Abstract
Statistical non-independence of species’ biological traits is recognized in most traits under selection. Yet, whether or not the evolutionary rates of such biological traits are statistically non-independent remains to be tested. Here, we test the hypothesis that phenotypic evolutionary rates are non-independent, i.e. contain phylogenetic signal, using empirical rates of evolution in three separate traits: body mass in mammals, beak shape in birds and bite force in amniotes. Specifically, we test if evolutionary rates are phylogenetically interdependent. We find evidence for phylogenetic signal in evolutionary rates in all three case studies. While phylogenetic signal diminishes deeper in time, this is reflective of statistical power owing to small sample and effect sizes. When effect size is large, e.g. owing to the presence of fossil tips, we detect high phylogenetic signals even in deeper time slices.

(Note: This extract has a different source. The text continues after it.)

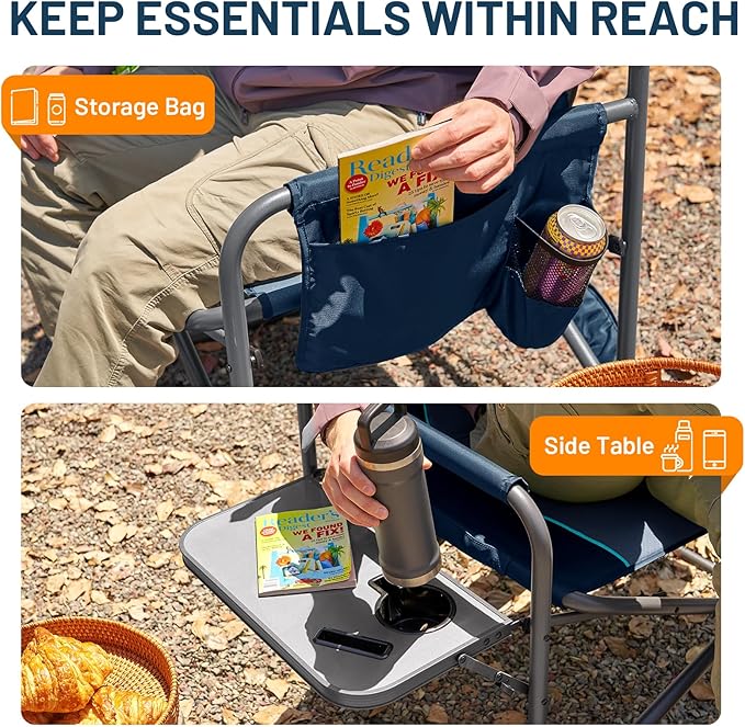 Timber Ridge XXL Director’s Chair – Heavy Duty Folding Chair with Side Table, 500 lb Capacity, Extra Wide Padded Seat for Camping, Sports, Beach, Patio, and Outdoor Use, Blue

Thus, we recommend that rates be treated as being non-independent throughout the evolutionary history of the group of organisms under study, and any summaries or analyses of rates through time—including associations of rates with traits—need to account for the undesired effects of shared ancestry.
Keywords: evolutionary rates, trait evolution, phylogeny, phylogenetic comparative methods, phylogenetic signal
1. Introduction
Descent with modification [1] is of fundamental importance to evolutionary biology and is recognized in most traits under selection. Through evolutionary time, trait values will be more similar in closely related species than in distantly related species, because the variance of trait values will be proportional to the divergence in evolutionary time [2]. This equates to shared ancestry, i.e. phylogeny. The degree to which shared ancestry affects biological traits can thus be described by the proportion of variance in trait data across a comparative sample of species that can be explained by phylogenetic relations, or phylogenetic signal, e.g. K [3] or λ [4]. This has statistical implications, i.e. phylogenetic non-independence.
While acknowledgement of phylogenetic non-independence in phenotypic trait data has become common in comparative studies [5], it is not so for the rates of evolution (how fast organisms’ characteristics evolve). As rates are often used as proxies for adaptations [6,7], it is of immense importance that we understand their statistical properties, in particular, phylogenetic non-independence. However, we have not been able to identify any study in the literature that explicitly tests for phylogenetic signal in phenotypic evolutionary rates aside from rare instances in which this was implied [8].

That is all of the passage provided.